Dataset content.
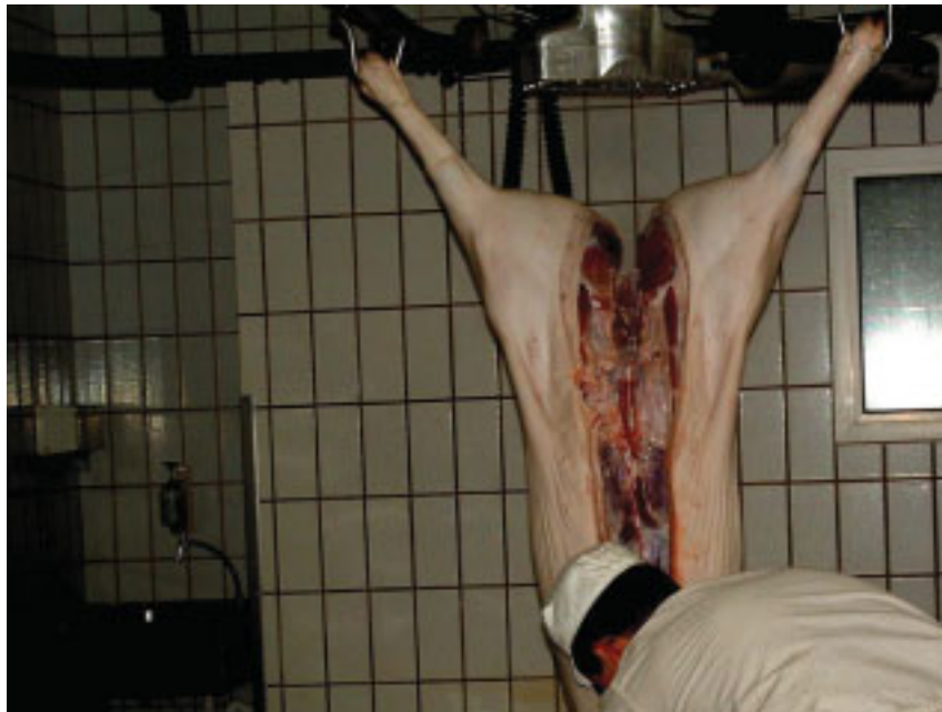
Abb. 2-1: Ausnehmen eines Schweines bei der Schlachtung

Das Ausnehmen der Schlachttiere ist der nächste Arbeitsgang. Dabei dürfen Magen und Darm nicht verletzt werden. Das Entleeren und Reinigen von Magen und Darm darf unter keinen Umständen zeitgleich mit anderen Arbeiten im Schlachtraum geschehen. Eine zeitliche oder räumliche Trennung ist zwingend erforderlich. Die Abfälle werden sofort in Konfiskatbehälter verbracht [EUROPA 2004 a; LUTZ 2006].
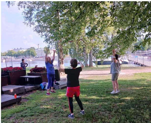
Vartalot toimimaan naurun kera ja hyvä mieli liikunnalla
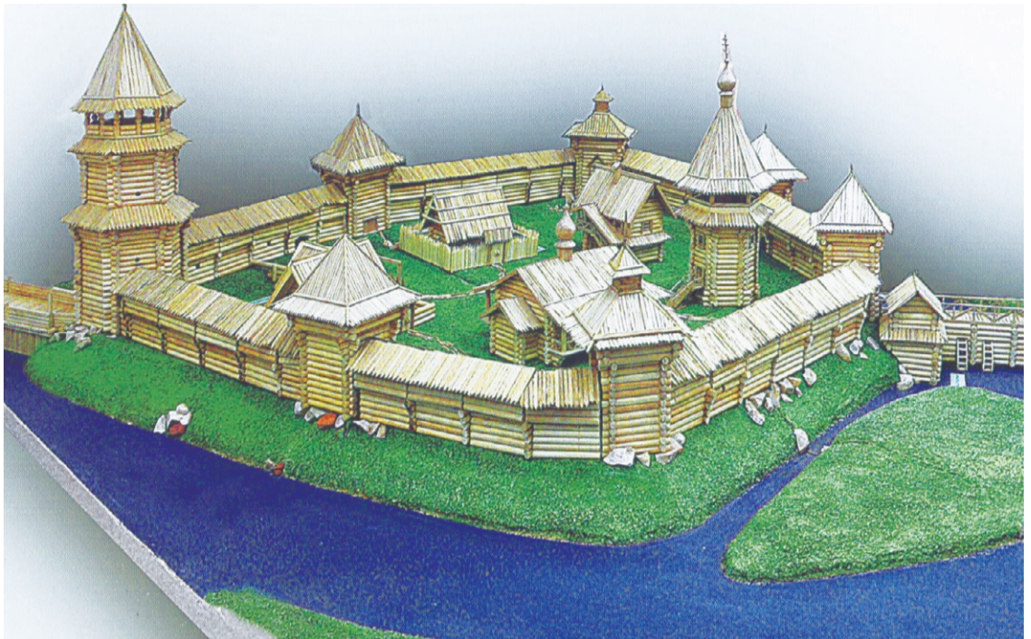
Макет первой крепости на слиянии рек Оки и Орлика

What the task asks. What you return should be only the lines from the line with "Vartalot toimimaan naurun" through the last line of the listing above, exactly, both ends included, pictures excluded.

Response area.
Vartalot toimimaan naurun kera ja hyvä mieli liikunnalla
Макет первой крепости на слиянии рек Оки и Орлика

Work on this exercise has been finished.